● **Information provided**:
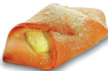
2874 | Šáteček s náplní tvarohovou | 60 g
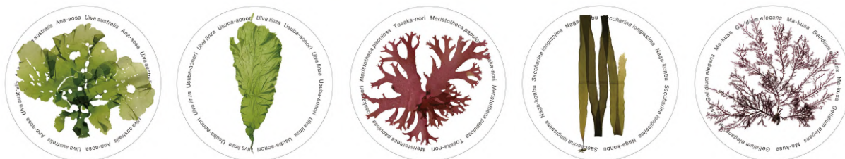
海藻コースター 各968円 (税込)
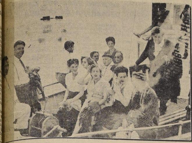
...antes a bordo del Vapor Carrera, durante una excursión por el Lago Puyehue.
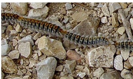
Chenilles processionnaires en transit

C'est une variété de chenille facile à identifier car elle se déplace à la suite les unes des autres ce qui leur a valu leur nom.
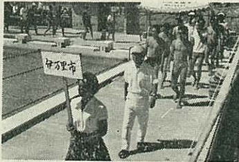
県体水泳競技入場式
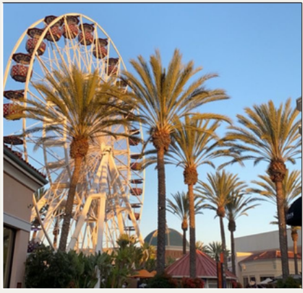
Irvine, CALIFORNIA 10:00-10:30
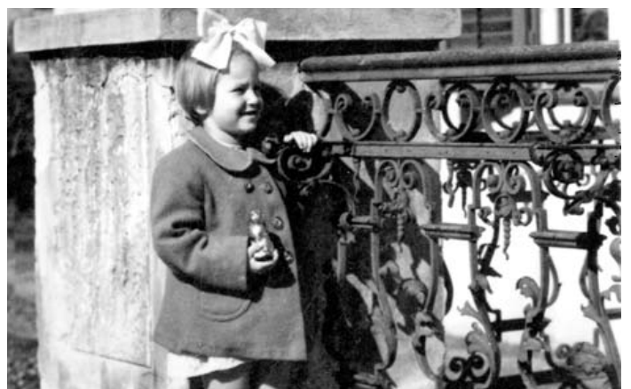
Fotók Tolmács múltjából
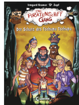
Die Piratenschiffgänger 4 - Der Schatz des Tschupa Tschupa
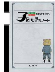
▲里親・ファミリーホーム用 (高学年版)
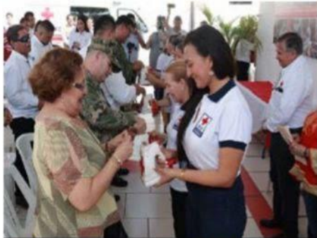
En un evento realizado en las instalaciones de la Cruz Roja local, se puso en marcha ayer la Colecta 2022 de la benemérita institución.

El voluntariado es importante y muy necesario para la transformación social, económica y cultural, coincidieron presidente y vicepresidenta del Consejo de la Cruz Roja, Delega >>> 2
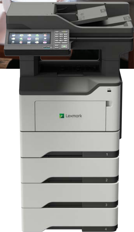
MX622adhe avec bacs d'alimentation en option
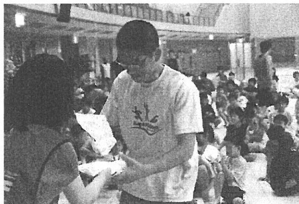
熊本グリーンRCより 蜂楽饅頭6こ券を参加賞として贈呈

● **Your instructions**:
Reproduce the entries above without change, omitting all pictures.

● **Your response**:
2874 | Šáteček s náplní tvarohovou | 60 g
海藻コースター 各968円 (税込)
...antes a bordo del Vapor Carrera, durante una excursión por el Lago Puyehue.
Chenilles processionnaires en transit

C'est une variété de chenille facile à identifier car elle se déplace à la suite les unes des autres ce qui leur a valu leur nom.
県体水泳競技入場式
Irvine, CALIFORNIA 10:00-10:30
Fotók Tolmács múltjából
Die Piratenschiffgänger 4 - Der Schatz des Tschupa Tschupa
▲里親・ファミリーホーム用 (高学年版)
En un evento realizado en las instalaciones de la Cruz Roja local, se puso en marcha ayer la Colecta 2022 de la benemérita institución.

El voluntariado es importante y muy necesario para la transformación social, económica y cultural, coincidieron presidente y vicepresidenta del Consejo de la Cruz Roja, Delega >>> 2
MX622adhe avec bacs d'alimentation en option
熊本グリーンRCより 蜂楽饅頭6こ券を参加賞として贈呈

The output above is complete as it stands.